• DIRECTIONS FOR THIS TASK:
Every line of the material below needs to be copied exactly; omit the pictures.

• THE DATA:
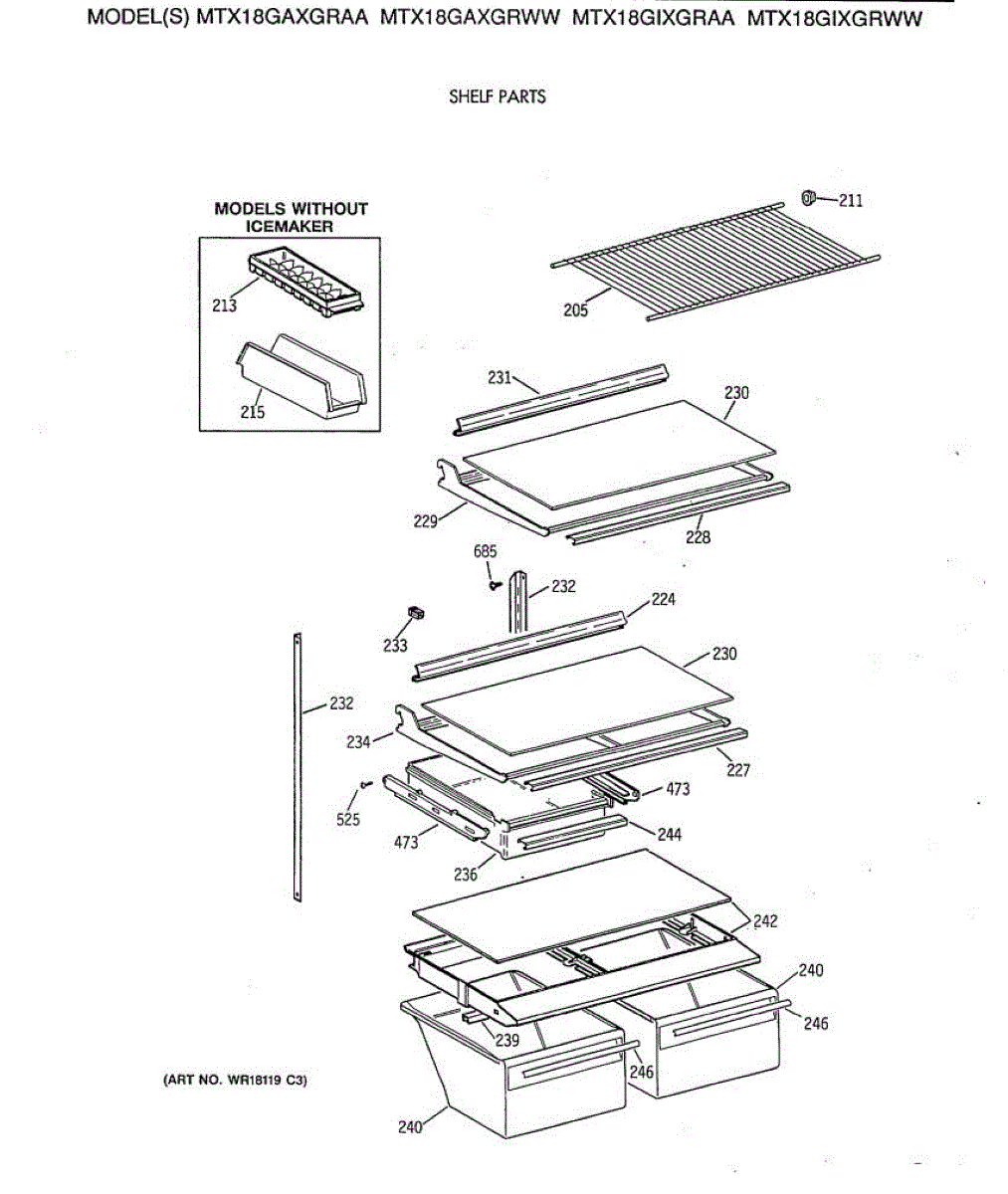 Parts for Ge MTX18GIXGRAA: 04 - Shelf Parts
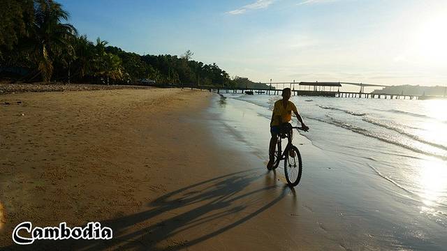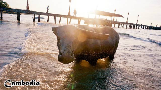 饱餐之后继续骑着摩托闲游,打算找一个海滩看日落,胜利海滩(Victory beach)据说是西哈努克日落最美的地方。海滩上没什么人,沙滩都是黑乎乎的细沙,海水不清也不蓝,有一段栈桥伸向海里,栈桥下发现一个石牛,都有些残缺了,不知道为什么被放在这里,这时候太阳还高,夕阳美景好像还距离我很遥远。远远的在日落的方向望见一座桥,无聊的我们想去桥上看夕阳,就一路向着太阳奔去,到了桥头是封闭着的,这竟然是座新建成还未投入使用的桥。我们只能到桥附近找个野沙滩,这时候太阳依然泛着金辉悬挂在海面之上,可是晚上还要坐大巴去暹粒,没有时间等着看它一点点落下,在回旅馆的路上,天边火红的晚霞一路追随着我们。前几分钟我们在追日,现在是晚霞追着我们。
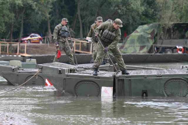 Medzinárodné veliteľsko-štábne cvičenie mnohonárodného ženijného práporu TISA Blonde Avalanche 2013, za účasti vojakov z Maďarska, Rumunska, Ukrajiny a Slovenska pokračuje na vodnom cvičisku Váh v Seredi a na vodnej ploche Ontário.
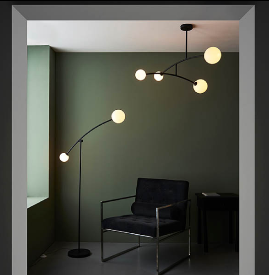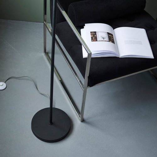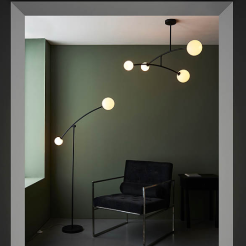 The simple lines of this floor light create a modern balanced aesthetic. Finished in textured matt black contrasting with gloss white glass shades, achieving a distinctive monotone look. Matching items available.
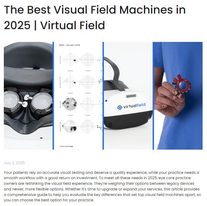 Comprehensive eye exams used to include bulky tabletop perimetry, but optometry and ophthalmology are changing fast. VR headsets are now an accessible, comfortable option for conducting accurate visual field exams. Marketing this device, along with its proprietary algorithm to assess eye health over time, is not as simple as leaning into branding or legacy status. Virtual Field is the first of its kind, but it remains a relative newcomer in eye health, so developing content means building up buy-in and establishing authority.
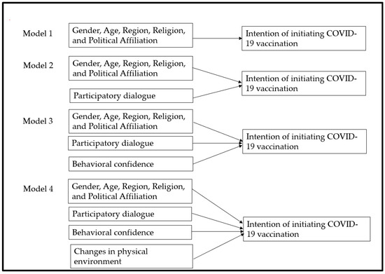 All analyses were conducted using IBM SPSS v.26, (IBM Corp., Armonk, NY, USA) and SAS 9.3 (SAS Institute, Cary, NC, USA). Descriptive and exploratory analyses were utilized to investigate data distribution, normality, missing values, and outliers. All assumptions of the statistical tests were assessed. Categorical variables were compared among vaccine-hesitant and non-hesitant groups by Chi-square analyses. The follow-up contingency table analysis (post-hoc) was conducted to obtain p-values corresponding to multilevel variables. The observed p-values were Bonferroni-corrected in multiple comparisons to prevent type 1 errors [35]. The values of adjusted residuals (or Z scores) were used to generate Bonferroni-corrected p values. Effect sizes were reported wherever appropriate. Continuous variables, such as age, advantages, disadvantages, participatory dialogue, behavior confidence, and changes in the physical environment were compared among groups using independent-samples t-tests or Welch’s t test where equal variance could not be assumed. A square root transformation was applied to the non-normally distributed variables, which were later back-transformed for the ease of interpretation. A bivariate Pearson’s correlation was also conducted to investigate the relationships between the MTM constructs. We also calculated the proportion of perceived advantages and disadvantages among hesitant and non-hesitant group. Hierarchical regression modelling was performed to determine the increment in variation (by R-square change) accounted for through addition of predictors over a set of models. The details about the model building process is provided in the Figure 1 given below. The statistical significance was set at 5% for all analyses. For polytomous variables (e.g., region, religion, and political affiliation in our dataset), we used dummy coding by converting the polytomous categorical variable into a series of dichotomous variables for each level where a value of 1 was assigned for each observation at that level and zero for all others. The level of categorical variable which was coded zero at all levels was considered a reference category. The algorithm of the dummy coding is described in the Appendix A Table A1. Prior to running analyses, we conducted power analyses to determine whether our sample was sufficient to detect the hypothesized effects. The following formula was used to compute sample size: n = (z)2 p (1 − p)/d2 with a 95% confidence interval (alpha = 0.05, z = 1.96), and a margin of error d = 5%, and the proportion of vaccine hesitancy among Blacks was 18% in May 2021 based on the data reported by the Office of the Assistant Secretary for Planning and Evaluation Report [36]. The estimated sample size was 227 and the true sample size was increased to 428 allow group comparisons. We used a Checklist for Statistical Assessment of Medical Papers (CHAMP statement) for our results’ reporting [37].

• ANSWER SECTION:
 Parts for Ge MTX18GIXGRAA: 04 - Shelf Parts
 饱餐之后继续骑着摩托闲游,打算找一个海滩看日落,胜利海滩(Victory beach)据说是西哈努克日落最美的地方。海滩上没什么人,沙滩都是黑乎乎的细沙,海水不清也不蓝,有一段栈桥伸向海里,栈桥下发现一个石牛,都有些残缺了,不知道为什么被放在这里,这时候太阳还高,夕阳美景好像还距离我很遥远。远远的在日落的方向望见一座桥,无聊的我们想去桥上看夕阳,就一路向着太阳奔去,到了桥头是封闭着的,这竟然是座新建成还未投入使用的桥。我们只能到桥附近找个野沙滩,这时候太阳依然泛着金辉悬挂在海面之上,可是晚上还要坐大巴去暹粒,没有时间等着看它一点点落下,在回旅馆的路上,天边火红的晚霞一路追随着我们。前几分钟我们在追日,现在是晚霞追着我们。
 Medzinárodné veliteľsko-štábne cvičenie mnohonárodného ženijného práporu TISA Blonde Avalanche 2013, za účasti vojakov z Maďarska, Rumunska, Ukrajiny a Slovenska pokračuje na vodnom cvičisku Váh v Seredi a na vodnej ploche Ontário.
 The simple lines of this floor light create a modern balanced aesthetic. Finished in textured matt black contrasting with gloss white glass shades, achieving a distinctive monotone look. Matching items available.
 Comprehensive eye exams used to include bulky tabletop perimetry, but optometry and ophthalmology are changing fast. VR headsets are now an accessible, comfortable option for conducting accurate visual field exams. Marketing this device, along with its proprietary algorithm to assess eye health over time, is not as simple as leaning into branding or legacy status. Virtual Field is the first of its kind, but it remains a relative newcomer in eye health, so developing content means building up buy-in and establishing authority.
 All analyses were conducted using IBM SPSS v.26, (IBM Corp., Armonk, NY, USA) and SAS 9.3 (SAS Institute, Cary, NC, USA). Descriptive and exploratory analyses were utilized to investigate data distribution, normality, missing values, and outliers. All assumptions of the statistical tests were assessed. Categorical variables were compared among vaccine-hesitant and non-hesitant groups by Chi-square analyses. The follow-up contingency table analysis (post-hoc) was conducted to obtain p-values corresponding to multilevel variables. The observed p-values were Bonferroni-corrected in multiple comparisons to prevent type 1 errors [35]. The values of adjusted residuals (or Z scores) were used to generate Bonferroni-corrected p values. Effect sizes were reported wherever appropriate. Continuous variables, such as age, advantages, disadvantages, participatory dialogue, behavior confidence, and changes in the physical environment were compared among groups using independent-samples t-tests or Welch’s t test where equal variance could not be assumed. A square root transformation was applied to the non-normally distributed variables, which were later back-transformed for the ease of interpretation. A bivariate Pearson’s correlation was also conducted to investigate the relationships between the MTM constructs. We also calculated the proportion of perceived advantages and disadvantages among hesitant and non-hesitant group. Hierarchical regression modelling was performed to determine the increment in variation (by R-square change) accounted for through addition of predictors over a set of models. The details about the model building process is provided in the Figure 1 given below. The statistical significance was set at 5% for all analyses. For polytomous variables (e.g., region, religion, and political affiliation in our dataset), we used dummy coding by converting the polytomous categorical variable into a series of dichotomous variables for each level where a value of 1 was assigned for each observation at that level and zero for all others. The level of categorical variable which was coded zero at all levels was considered a reference category. The algorithm of the dummy coding is described in the Appendix A Table A1. Prior to running analyses, we conducted power analyses to determine whether our sample was sufficient to detect the hypothesized effects. The following formula was used to compute sample size: n = (z)2 p (1 − p)/d2 with a 95% confidence interval (alpha = 0.05, z = 1.96), and a margin of error d = 5%, and the proportion of vaccine hesitancy among Blacks was 18% in May 2021 based on the data reported by the Office of the Assistant Secretary for Planning and Evaluation Report [36]. The estimated sample size was 227 and the true sample size was increased to 428 allow group comparisons. We used a Checklist for Statistical Assessment of Medical Papers (CHAMP statement) for our results’ reporting [37].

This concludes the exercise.